Task goal:
Transcribe the listing below only from the line with "DESCRIPTION: Make a" up to and including the line with "Produkt: Biologisch abbaubare".

-- Extracted entries follows --

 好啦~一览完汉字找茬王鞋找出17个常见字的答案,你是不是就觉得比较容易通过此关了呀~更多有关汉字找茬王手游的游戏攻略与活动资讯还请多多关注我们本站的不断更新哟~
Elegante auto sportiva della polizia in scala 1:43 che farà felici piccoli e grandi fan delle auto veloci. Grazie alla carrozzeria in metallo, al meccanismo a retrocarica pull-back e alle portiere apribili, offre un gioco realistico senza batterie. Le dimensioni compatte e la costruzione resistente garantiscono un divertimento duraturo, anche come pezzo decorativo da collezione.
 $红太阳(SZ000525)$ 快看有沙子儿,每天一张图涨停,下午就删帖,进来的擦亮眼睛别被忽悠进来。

-- Extracted entries concluded --
-- Extracted entries follows --

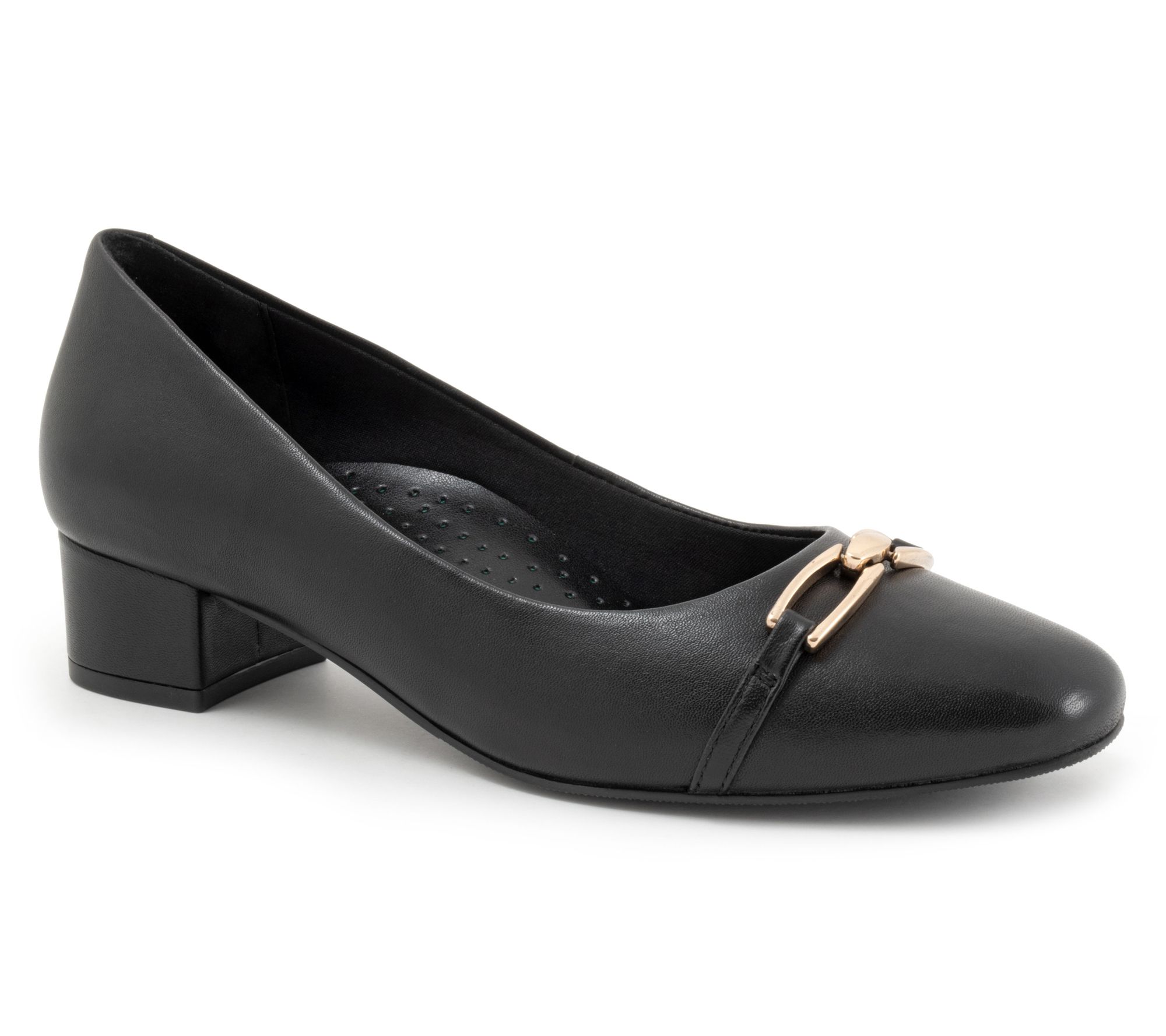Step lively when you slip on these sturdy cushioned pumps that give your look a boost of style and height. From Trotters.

-- Extracted entries concluded --
-- Extracted entries follows --

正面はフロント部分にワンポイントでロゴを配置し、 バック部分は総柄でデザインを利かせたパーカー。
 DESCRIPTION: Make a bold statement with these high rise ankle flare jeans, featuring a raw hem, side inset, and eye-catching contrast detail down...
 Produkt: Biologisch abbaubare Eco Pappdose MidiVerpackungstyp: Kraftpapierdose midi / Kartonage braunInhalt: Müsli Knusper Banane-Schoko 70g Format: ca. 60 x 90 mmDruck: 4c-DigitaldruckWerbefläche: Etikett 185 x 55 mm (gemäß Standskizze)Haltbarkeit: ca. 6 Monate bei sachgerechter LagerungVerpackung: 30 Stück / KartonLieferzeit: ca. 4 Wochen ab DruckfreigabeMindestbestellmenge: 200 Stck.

-- Extracted entries concluded --

Result of the exercise:
 DESCRIPTION: Make a bold statement with these high rise ankle flare jeans, featuring a raw hem, side inset, and eye-catching contrast detail down...
 Produkt: Biologisch abbaubare Eco Pappdose MidiVerpackungstyp: Kraftpapierdose midi / Kartonage braunInhalt: Müsli Knusper Banane-Schoko 70g Format: ca. 60 x 90 mmDruck: 4c-DigitaldruckWerbefläche: Etikett 185 x 55 mm (gemäß Standskizze)Haltbarkeit: ca. 6 Monate bei sachgerechter LagerungVerpackung: 30 Stück / KartonLieferzeit: ca. 4 Wochen ab DruckfreigabeMindestbestellmenge: 200 Stck.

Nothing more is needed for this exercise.